Jean-Christophe Ammann

A room, on facing walls the two parts of a work by Hannah Villiger, entitled Sculpture (1983 –1987, pp. 156–159). The division in two parts is intelligible: winter views from the balcony of her former apartment, and close-ups of her own body in pale, whitish red colors. Although taken with a Polaroid camera and enlarged to 125 x 123 cm, they were always intended as large-format images. In the beginning, there are patience and solitude. The patience necessary to deal with oneself and perception’s object. Perception that becomes itself an object of perception, dissolv ing its initial object, relegating it to sheer irrelevance, as the emptiness of the gaze becomes identical with its consistency. Solitude—homelessness of the senses in space and time. Suddenly, the object, despite its dissolution in self-reflexive perception, seems overpowering. Perception, devoid of any meaning, has detached it from itself. This is precisely the moment when Villiger’s work starts to frighten and hurt you, and a kind of desolation overcomes you.

Why Sculpture?

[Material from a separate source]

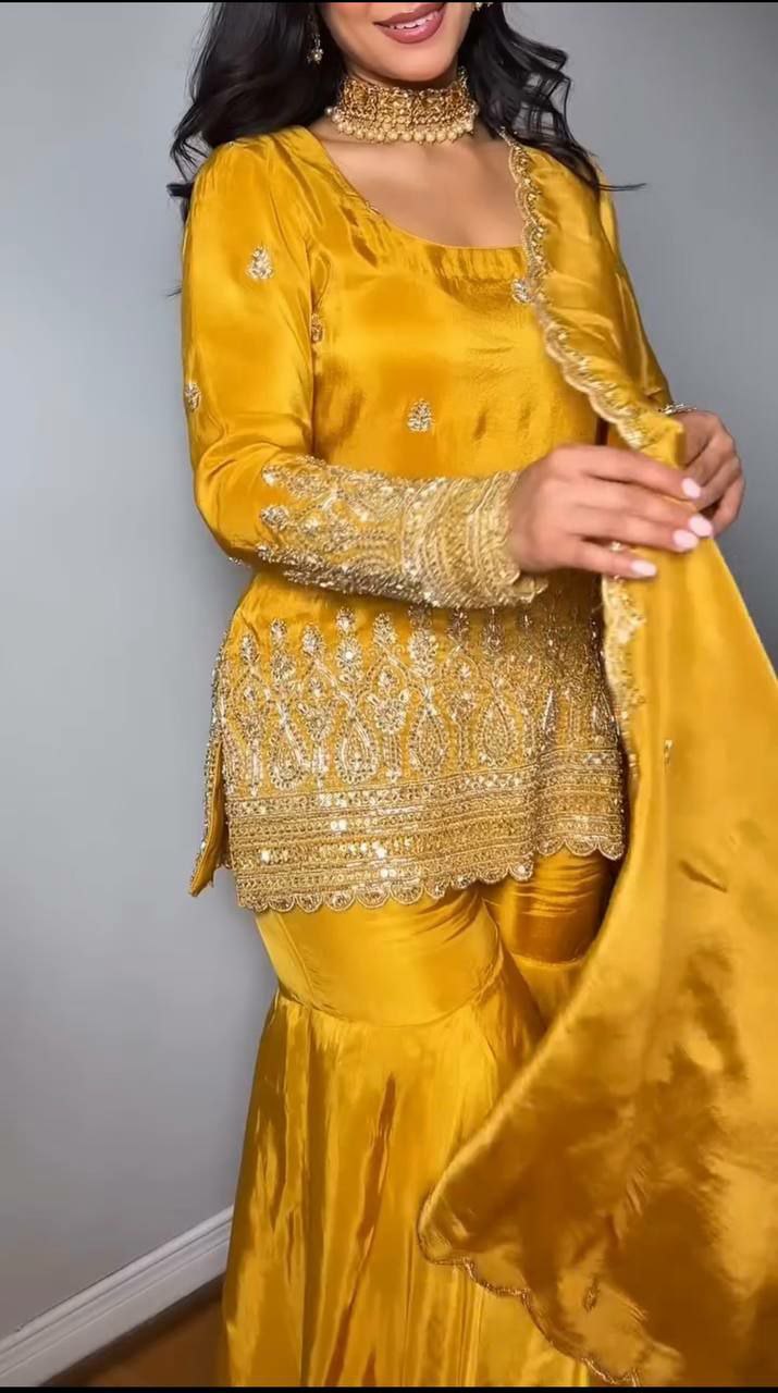Heavy Natural Crepe Silk With Heavy Micro Cotton And Heavy Embroidery Sequences Work With Latkan Dori Sharara Palazzo Dress

Its spatial presentation points to an answer: the coolly subdued, precise, symmetrically contrasting arrangement, but also the fact that these works, like all of Villiger’s works, must be looked at from quite a distance, thus requiring copious amounts of space for proper viewing. You can’t look at them from up close. You can’t walk around them, as is usually the case with sculptures. But the work surrounds you. Divided in two parts, it continuously directs your attention back to the space.

Until the early 1980s, Hannah Villiger called her photographs Work, black-and-white photography, or color photography. Later, she called them Sculptures, probably because of the spatial interaction they demand.—Maybe it’s good to know that she was a trained sculptor and has worked as a sculptor until the mid-1970s. When Cesare Pavese wrote about Gertrude Stein that physical detachment from the real was the source of her inspiration, he could have been writing about Hannah Villiger.